Objective  This study investigates the growth inhibition effect of small interfering RNA (siRNA) targeting Phosphoinositide 3-kinase Regulatory Subunit p85 alpha (PI3Kp85α) on ovarian carcinoma cells.

  Methods  RNA interference (RNAi) technology was used to observe the inhibitory effect of siRNA on the growth of human ovarian carcinoma SKOV3 cells. The expression of PI3Kp85α mRNA was detected through real-time polymerase chain reaction after the transfection. The expression of PI3Kp85α, AKT1, AKT2, and Ki-67 was also studied using Western blot and immunofluorescence staining after transfection. Moreover, MTT methods and annexin V staining were used to evaluate cell proliferation and apoptosis. Flow cytometry was used for cell cycle analysis, and tumor invasion was examined through Transwell analysis.

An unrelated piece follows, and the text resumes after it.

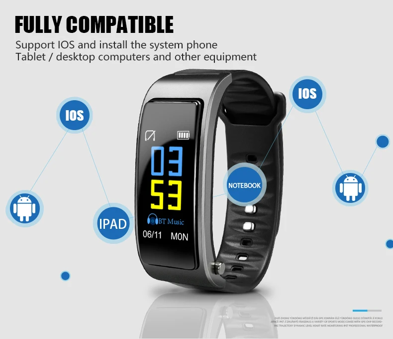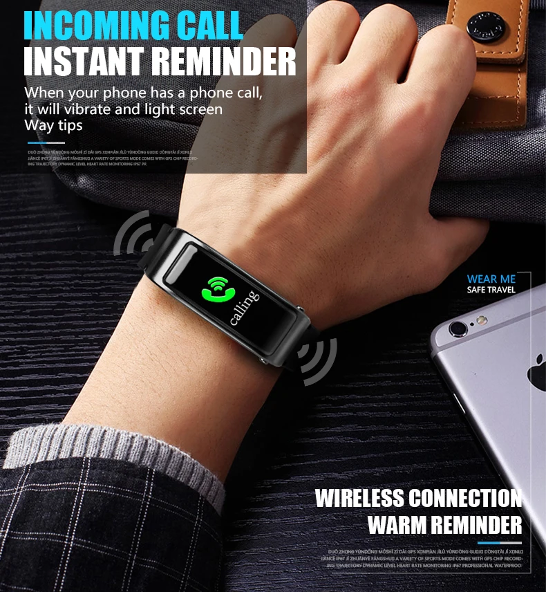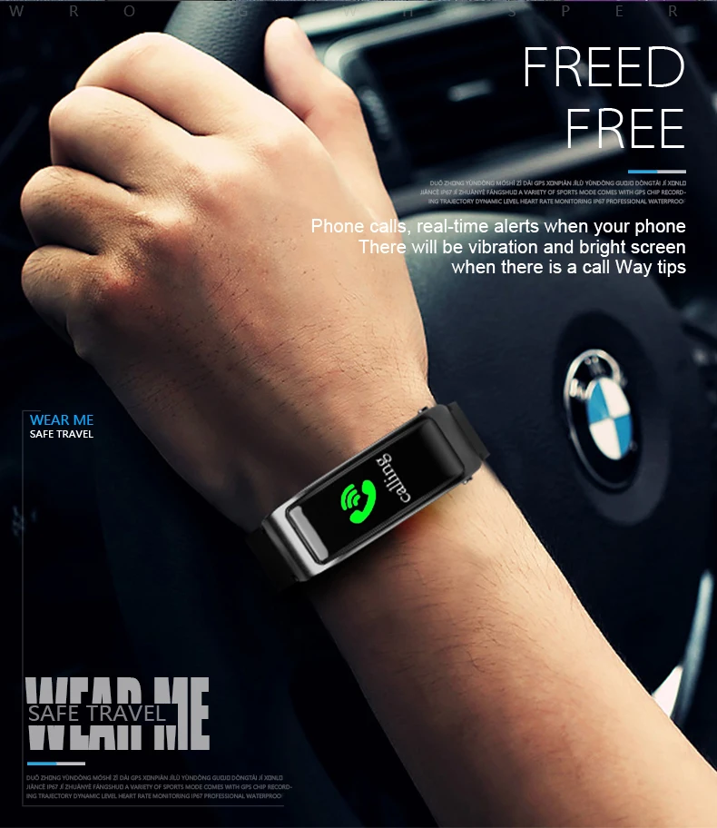 Connect the bracelet and smartphone with Bluetooth. When the bracelet is ringing, simply pick up the Bluetooth earphones. No need to answer the call by smartphone. Increase driving safety or allows you to focus on workouts.

  Results  SKOV3 PI3Kp85α mRNA expression was significantly knocked down after transfection with siRNA. The SKOV3 cells transfected with siRNA targeting PI3Kp85α showed lower proliferation activity, whereas the expression of PI3Kp85α, AKT1, AKT2, and Ki-67 was downregulated compared with the control and nonsense siRNA transfected cells. The transfected cells had higher apoptosis rate and most cells arrested in the G₀/G₁ phase. Moreover, the migration and invasive ability of the ovarian carcinoma cells was attenuated.

  Conclusion  Silencing PI3Kp85α genes with siRNA downregulated the mRNA expression of PI3Kp85α in ovarian carcinoma endothelial cells, blocked cell proliferation and migration, arrested cell cycle, and induced apoptosis in vitro. Therefore, P13Kp85α can be a candidate gene for ovarian cancer gene therapy.